Ascoltare e ascoltarsi in ambito scolastico non è facile: le scuole sono luoghi di lavoro rumorosi, dove le voci, il più delle volte, si sovrappongono, si fanno incalzanti e non c’è spazio per fare attenzione a se stessi e agli altri.
Gli allievi, gli educatori, gli insegnanti, abitano questo contesto sommerso dal rumore che copre il tempo dell’esistenza sin dal nido. Spesso per ottenere il silenzio, per farsi ascoltare, gli adulti utilizzano la modalità automatica e paradossale di urlare più forte degli allievi, tanto che le patologie dell’apparato fonatorio sono diffusissime tra i professionisti dell’educazione.

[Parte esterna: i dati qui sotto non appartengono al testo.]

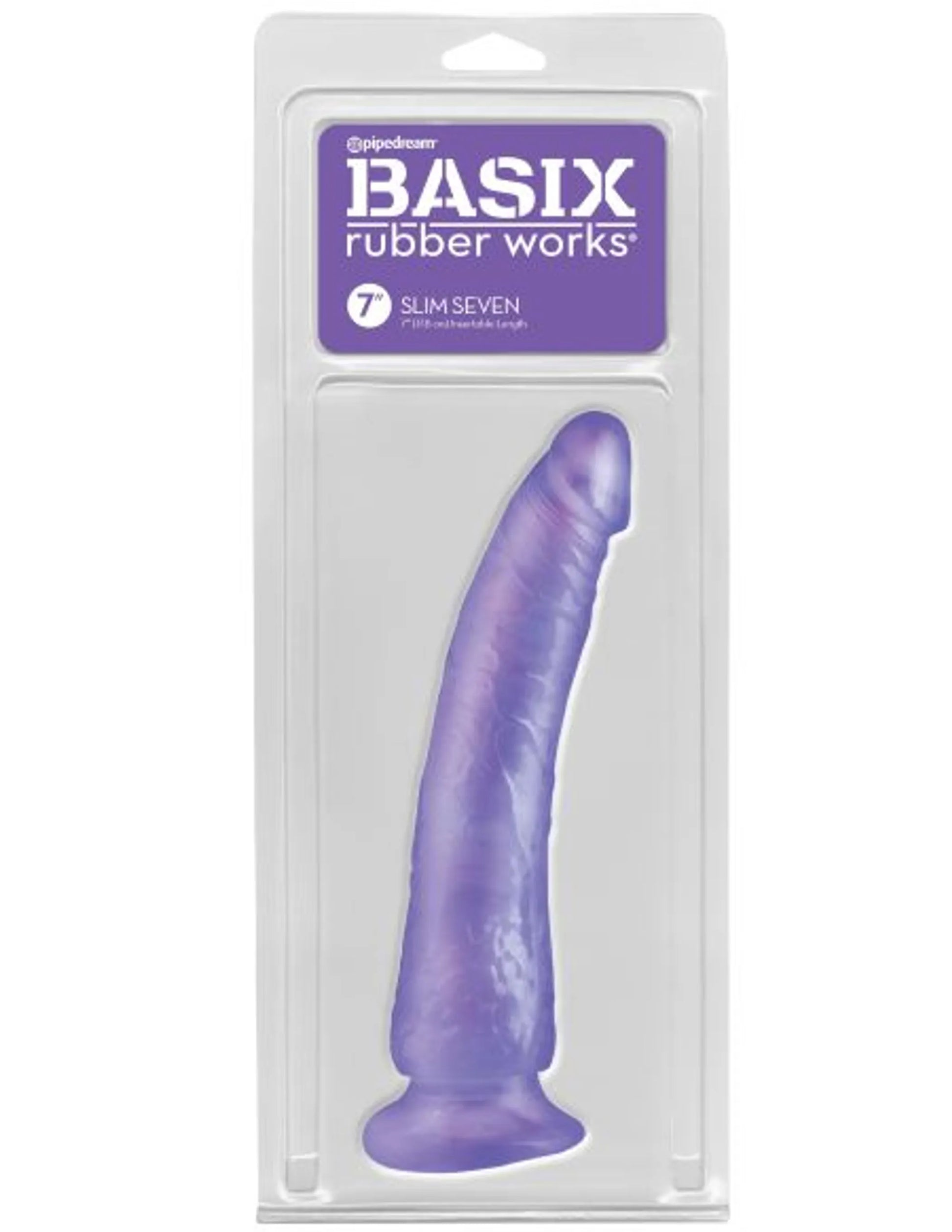 Basix Rubber Works Slim 7 inches Purple Dong with a Suction Cup from Pipedream Products. Dong is ready to fulfill your wildest bedroom fantasies on command! This moderately wide toy is the perfect size for both vaginal and anal satisfaction, and a wide harness compatible suction cup base makes a great handle. Try it on the floor of the bathtub or the wall of the shower for getting down and dirty while you get clean! Mexico made rubber is 100% phthalates and latex free, environmentally safe and hypoallergenic. Pipedream hopes you enjoy using this product as much as they like making it! Colors may vary. Item dimensions: length 7 inches, width 1.75 inches, height 1.5 inches, girth 5.5 inches, diameter 1.75 inches. Insertion length 6.5 inches. Bulk weight 8.10 ounces. Package depth 2.5 inches, width 5.25 inches, height 13.5 inches. Package shippings weight 10.25 ounces. Features and functions: phthalates free, unisex, Suction Cup Base. Materials PVC. Country of Origin Mexico. Harmonized Tariff Schedule HTS Code 4016996000. Basix Rubber Works 7 inches Slim Dong - Pipedream Products Catalogs - Spring Made Fresh Daily Basix. Categories: Anal Toys, Probes, Sticks, Rods, Dildos, Dongs, G-Spot. 2022.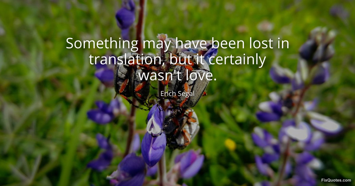 Segal, Erich. "Something may have been lost in translation, but it certainly wasn't love." FixQuotes. January 15, 2026. https://fixquotes.com/quotes/something-may-have-been-lost-in-translation-but-173439/.

Il bisogno di “fare silenzio” in ambito scolastico, dentro e fuori e di sé, è dunque pressante e lo rivela il diffondersi, con buon esito, di pratiche di Mindfulness (Kabat-Zinn, 1994), una sorta di meditazione che implica il prestare attenzione, con intenzione e senza giudizio, al momento presente.

La pratica dell’ascolto


Saper fare silenzio dentro e fuori di sé, per poter ascoltare ciò che si rivela oltre il “rumore” esterno e interno, mi pare per altro la virtù prevalente degli educatori, più di quella del parlare. Questa qualità di ascolto permette infatti di tirar fuori nei bambini quello che hanno di potenziale, perché possano dare il meglio di sé nel mondo.
Il che richiede anche il “mettere a tacere” quegli inevitabili pre-giudizi che affollano il pensiero e che portano a ragionare per classificazioni più che per relazioni.
È così che mi immagino allora il buon proposito dell’“ascolto gentile”, che si legge nella frase a epigrafe di questo post, espresso da un’insegnante nel corso di un incontro di formazione. Coltivare il silenzio dentro e fuori di sé, per stare in una relazione autentica con gli allievi e ascoltarne con gentilezza l’emergere, più o meno silenzioso, di bisogni e di sogni.